• _PROVIDED DATA_:
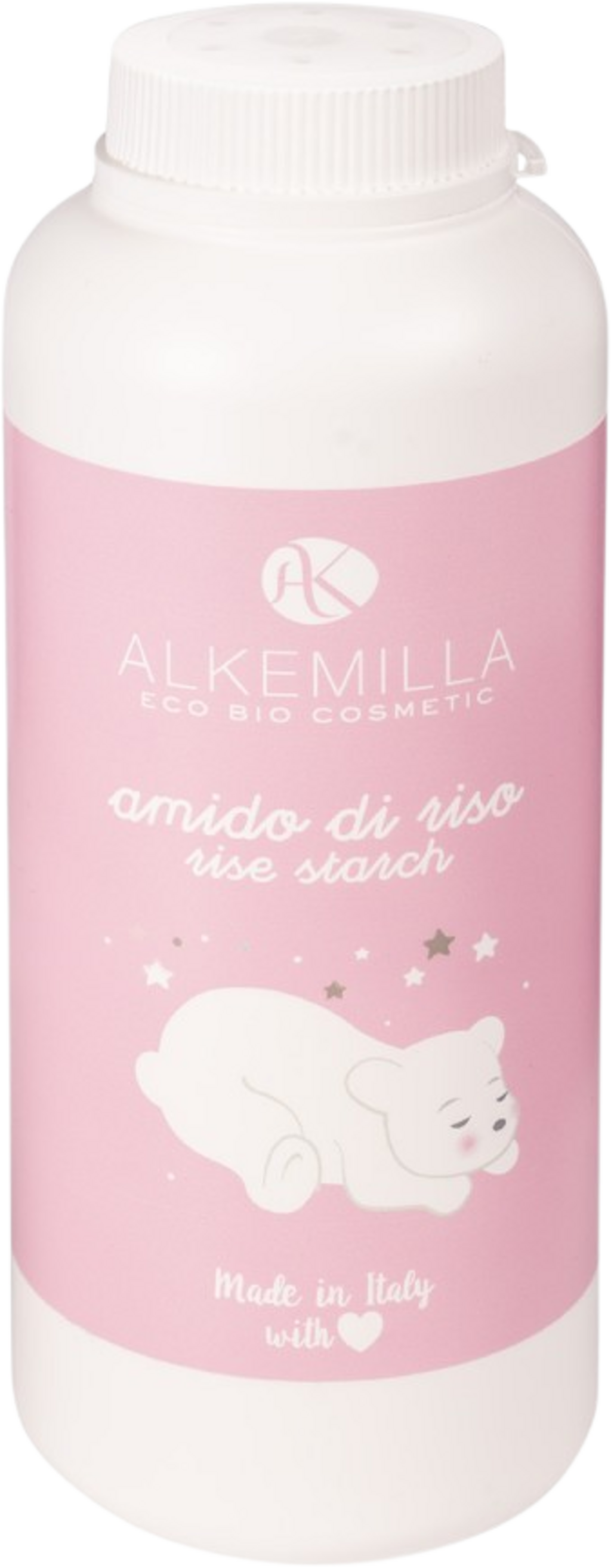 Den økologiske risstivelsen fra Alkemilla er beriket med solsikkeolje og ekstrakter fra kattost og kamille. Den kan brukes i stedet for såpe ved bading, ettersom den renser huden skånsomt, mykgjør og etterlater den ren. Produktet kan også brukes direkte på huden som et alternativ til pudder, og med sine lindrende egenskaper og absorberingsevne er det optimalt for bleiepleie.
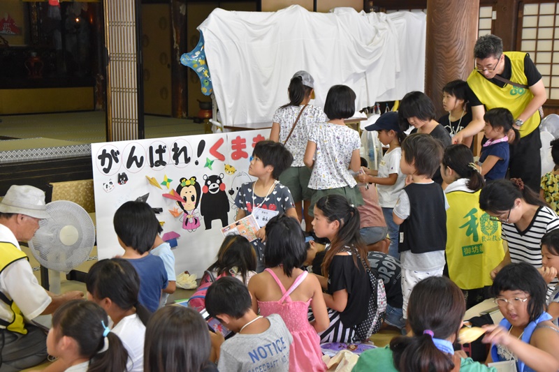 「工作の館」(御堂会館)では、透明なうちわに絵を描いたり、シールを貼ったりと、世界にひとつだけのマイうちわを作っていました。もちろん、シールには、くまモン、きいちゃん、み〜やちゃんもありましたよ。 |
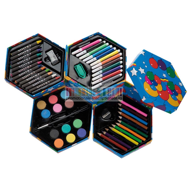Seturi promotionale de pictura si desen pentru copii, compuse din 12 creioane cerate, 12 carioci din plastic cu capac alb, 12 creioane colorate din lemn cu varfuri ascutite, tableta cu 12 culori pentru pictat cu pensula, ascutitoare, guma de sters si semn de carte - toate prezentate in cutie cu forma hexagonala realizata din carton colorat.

--

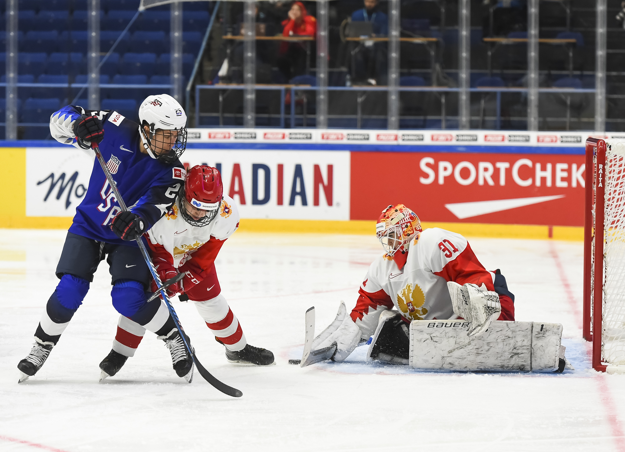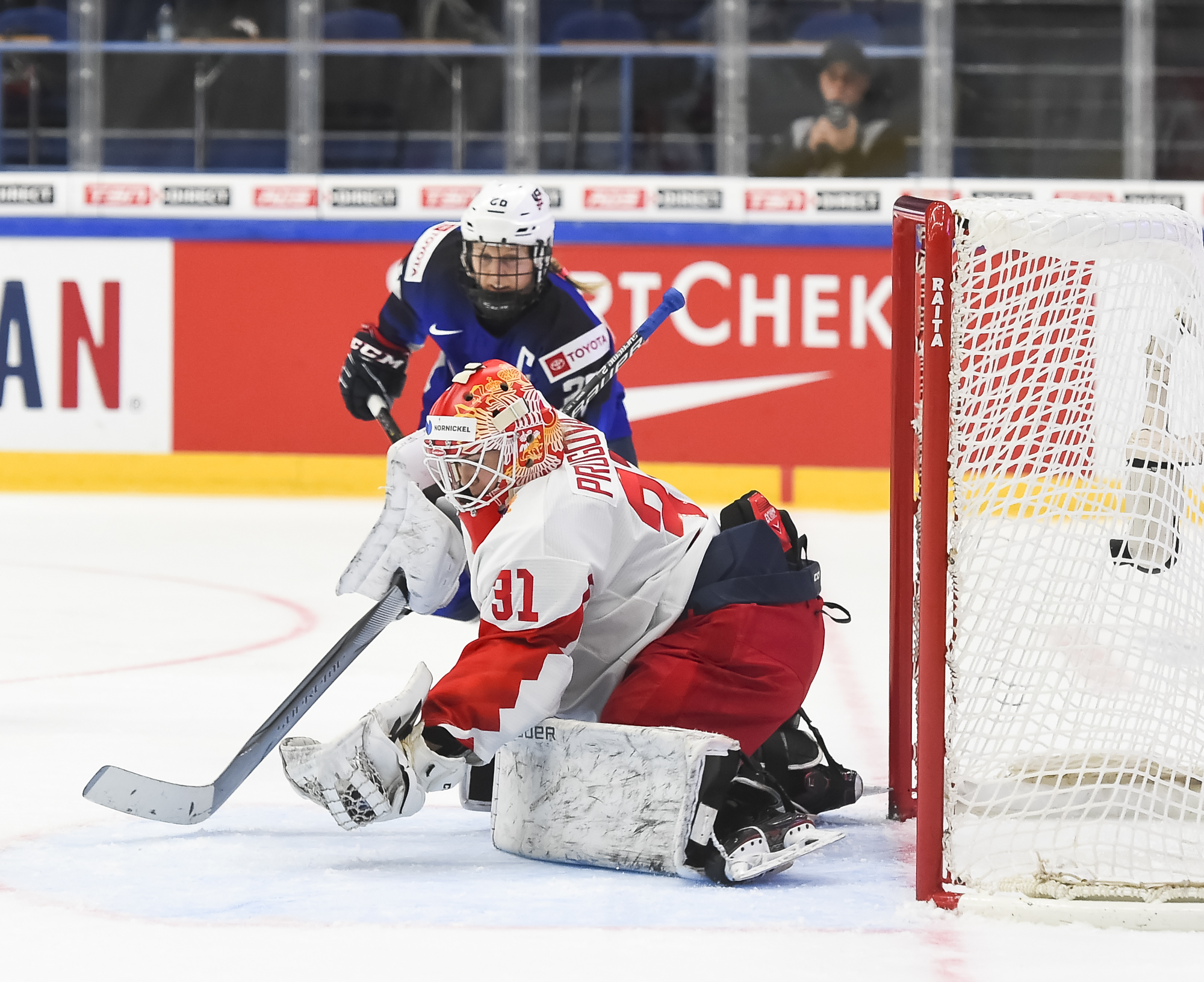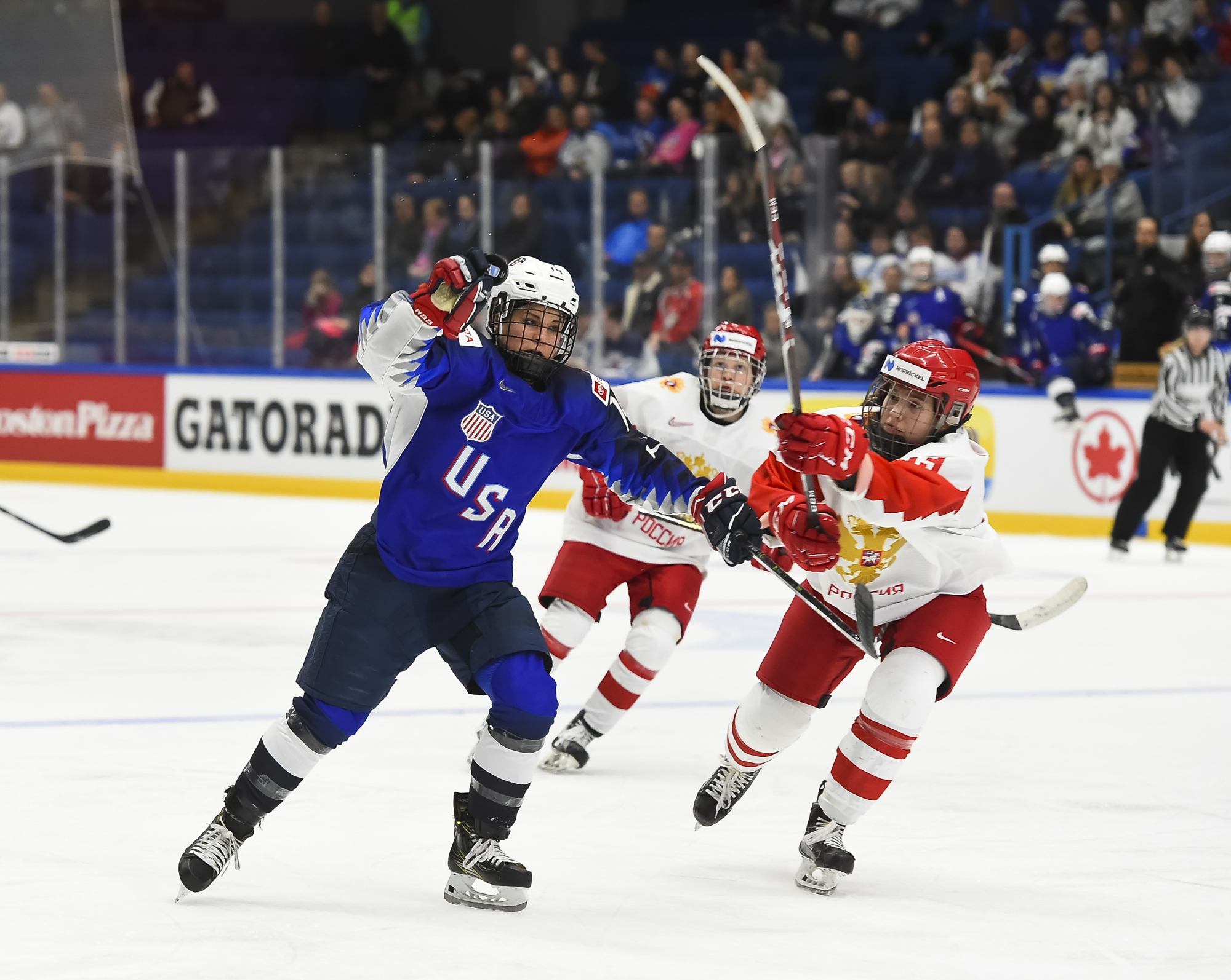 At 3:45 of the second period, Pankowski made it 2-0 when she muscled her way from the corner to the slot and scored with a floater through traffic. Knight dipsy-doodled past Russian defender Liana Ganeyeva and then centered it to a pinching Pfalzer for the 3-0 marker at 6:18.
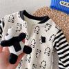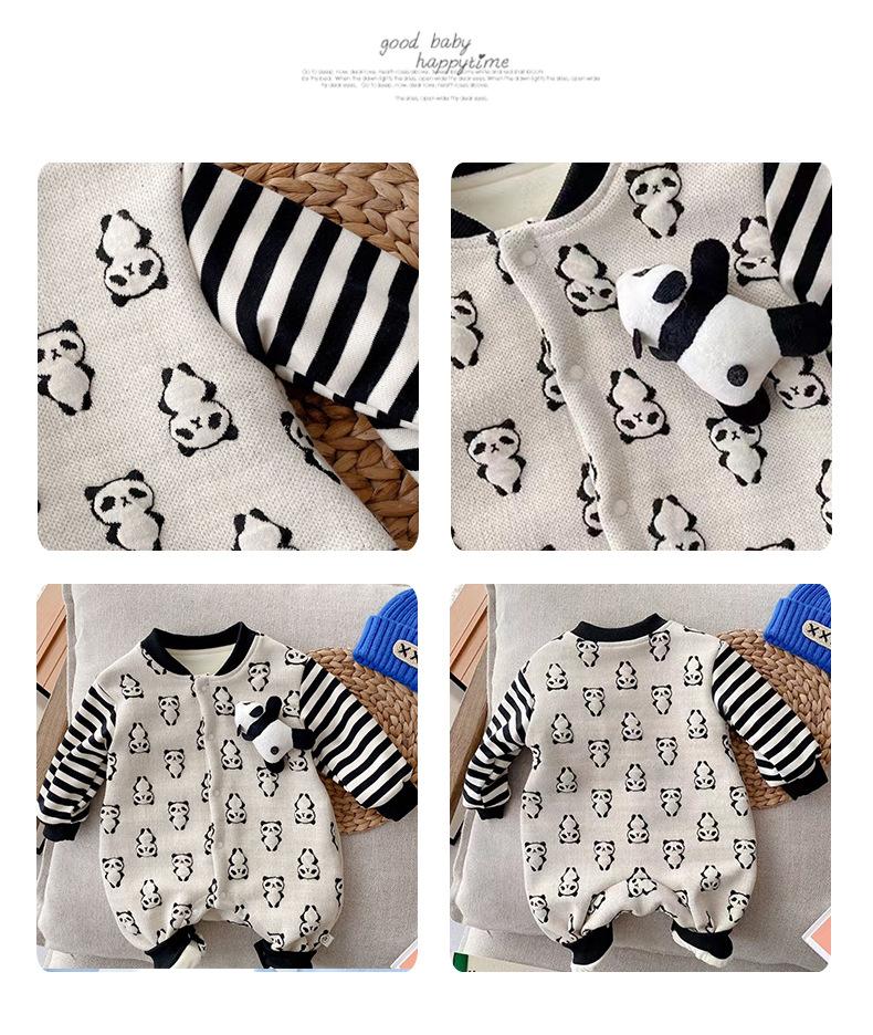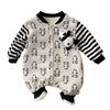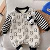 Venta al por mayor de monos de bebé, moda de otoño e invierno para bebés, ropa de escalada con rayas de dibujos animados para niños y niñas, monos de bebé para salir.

--

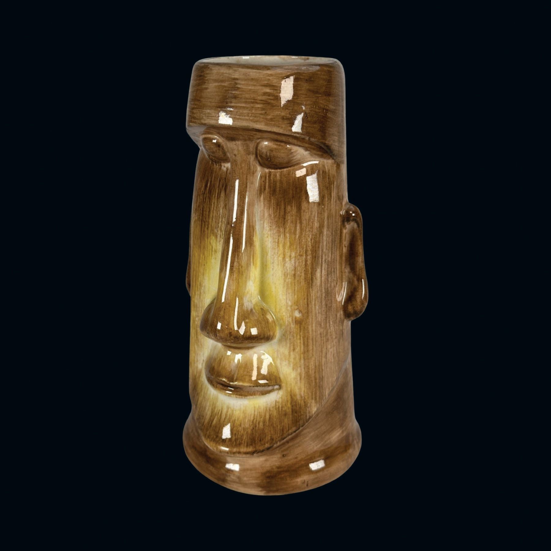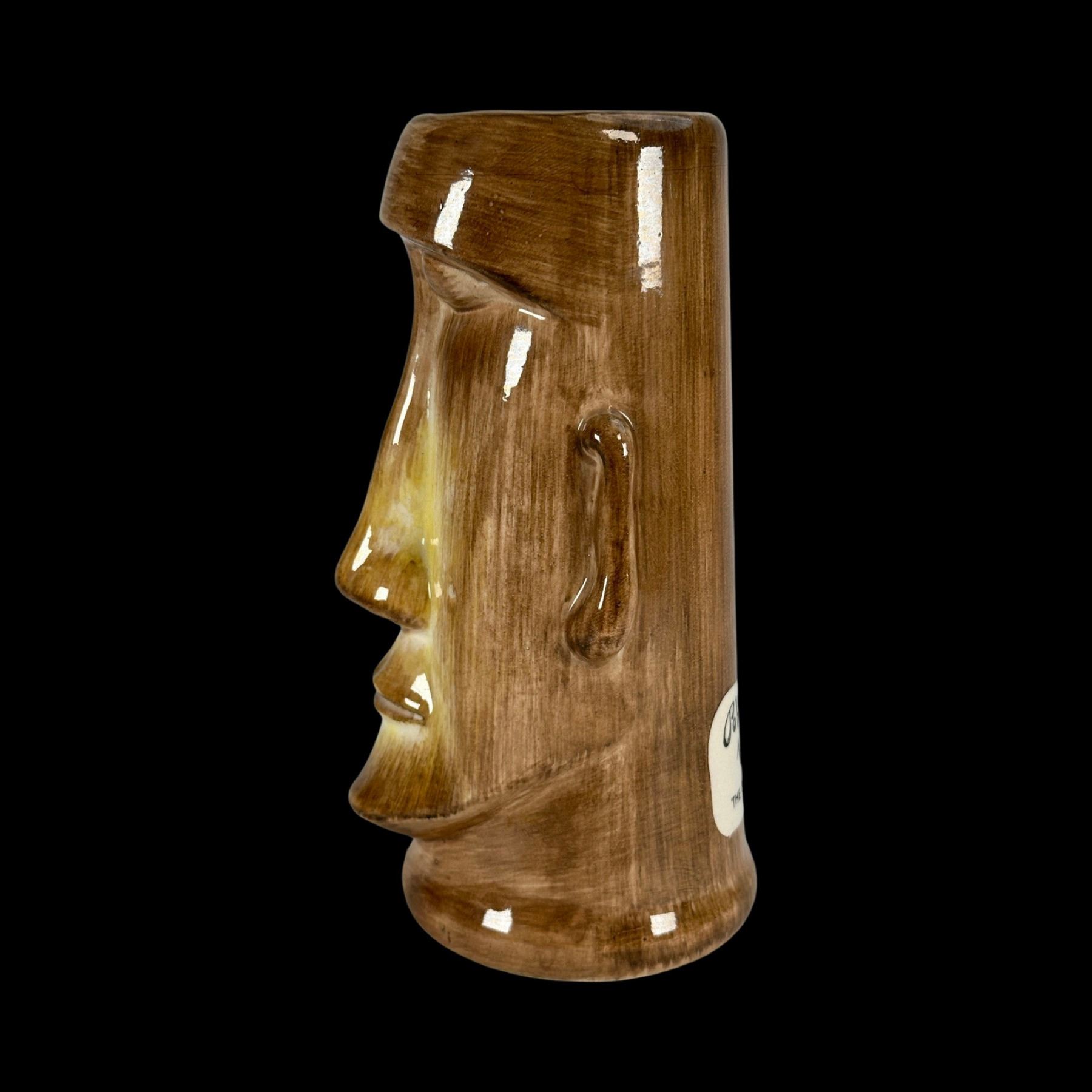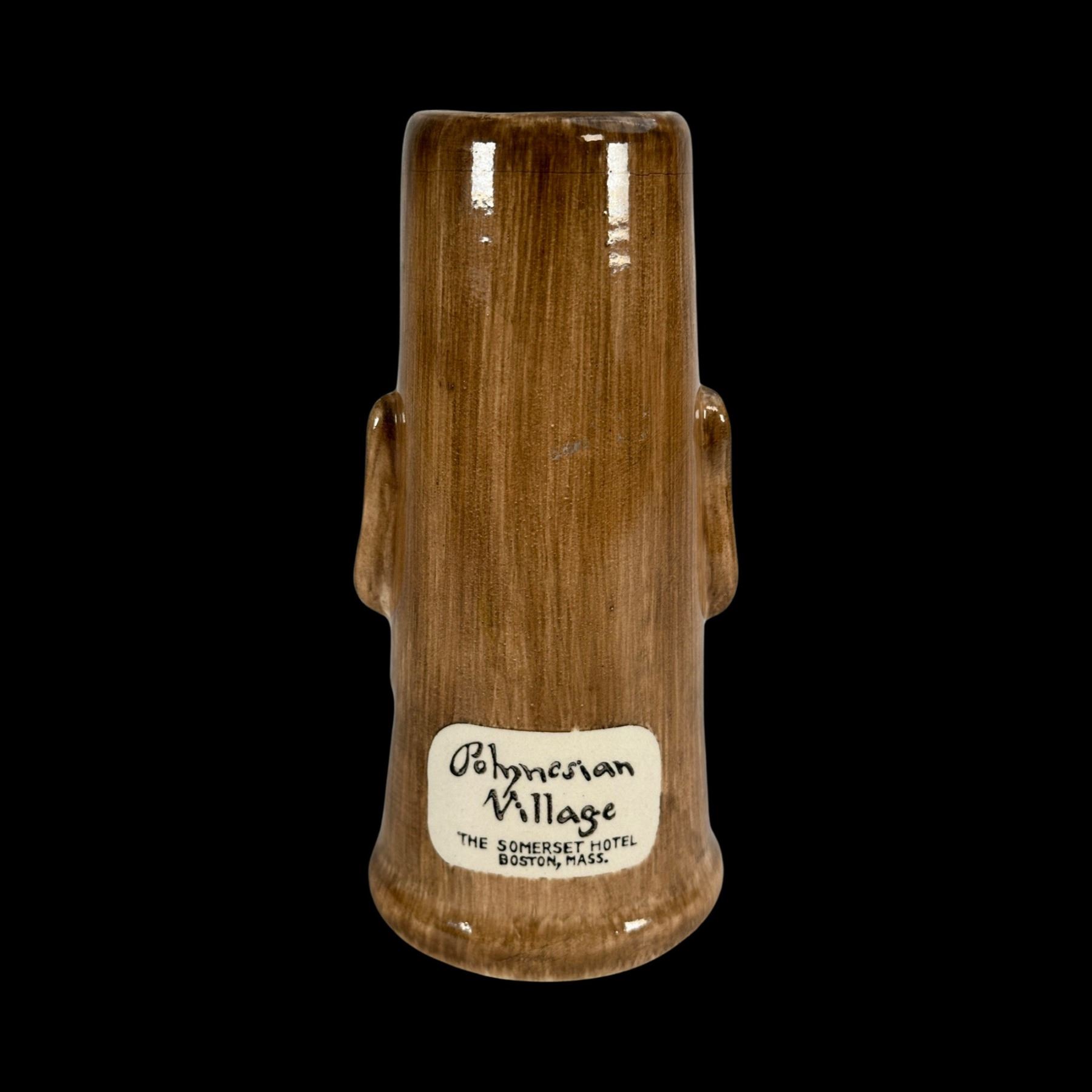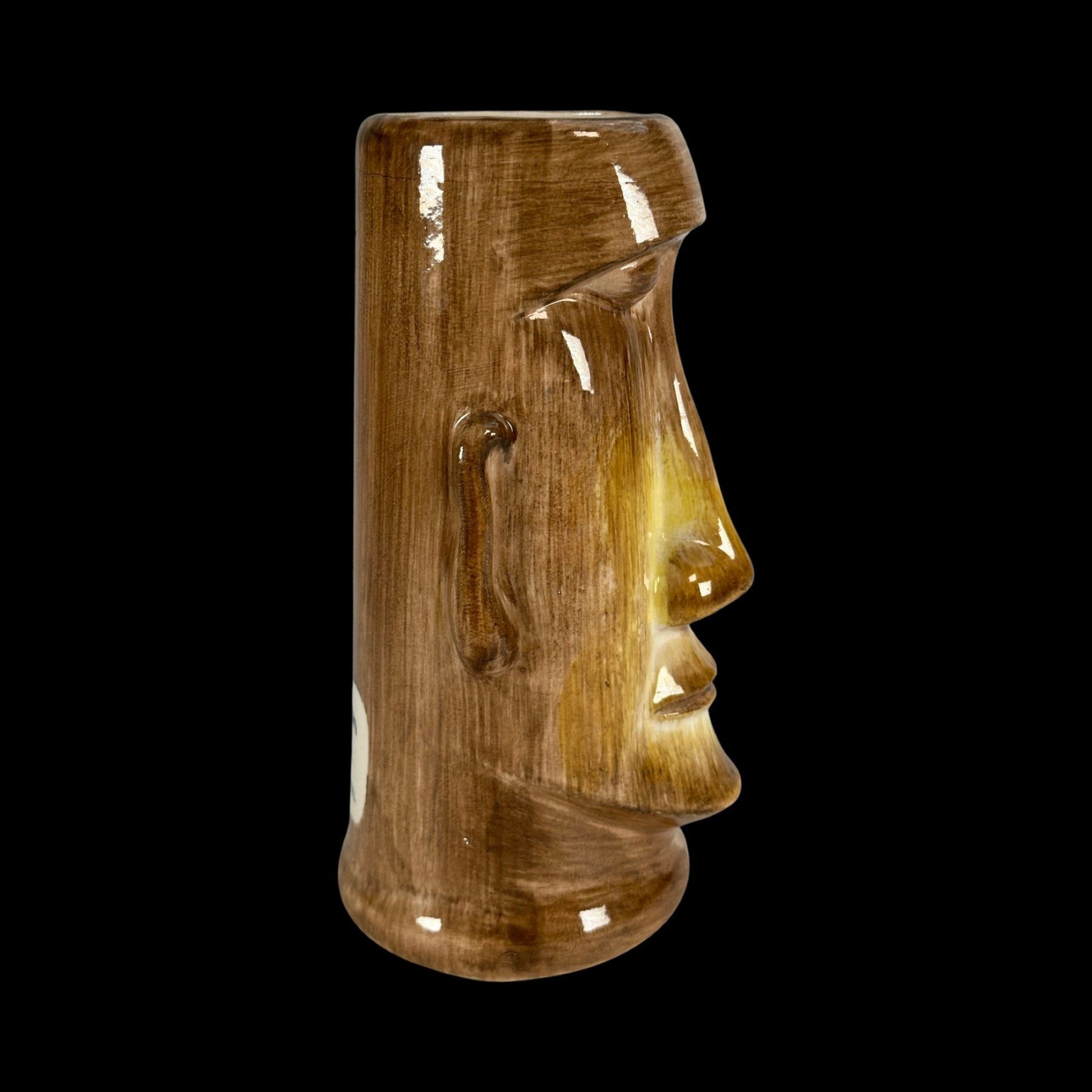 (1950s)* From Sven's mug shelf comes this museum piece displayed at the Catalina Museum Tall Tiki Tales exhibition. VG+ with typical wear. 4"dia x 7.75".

• _TASK GOAL_:
From the listing above, please give again the lines that begin with the line holding "Den økologiske risstivelsen" and go on through the line holding "Seturi promotionale de", exactly, both ends included, minus any picture.

• _RESULT OF THE EXERCISE_:
 Den økologiske risstivelsen fra Alkemilla er beriket med solsikkeolje og ekstrakter fra kattost og kamille. Den kan brukes i stedet for såpe ved bading, ettersom den renser huden skånsomt, mykgjør og etterlater den ren. Produktet kan også brukes direkte på huden som et alternativ til pudder, og med sine lindrende egenskaper og absorberingsevne er det optimalt for bleiepleie.
 「工作の館」(御堂会館)では、透明なうちわに絵を描いたり、シールを貼ったりと、世界にひとつだけのマイうちわを作っていました。もちろん、シールには、くまモン、きいちゃん、み〜やちゃんもありましたよ。 |
Seturi promotionale de pictura si desen pentru copii, compuse din 12 creioane cerate, 12 carioci din plastic cu capac alb, 12 creioane colorate din lemn cu varfuri ascutite, tableta cu 12 culori pentru pictat cu pensula, ascutitoare, guma de sters si semn de carte - toate prezentate in cutie cu forma hexagonala realizata din carton colorat.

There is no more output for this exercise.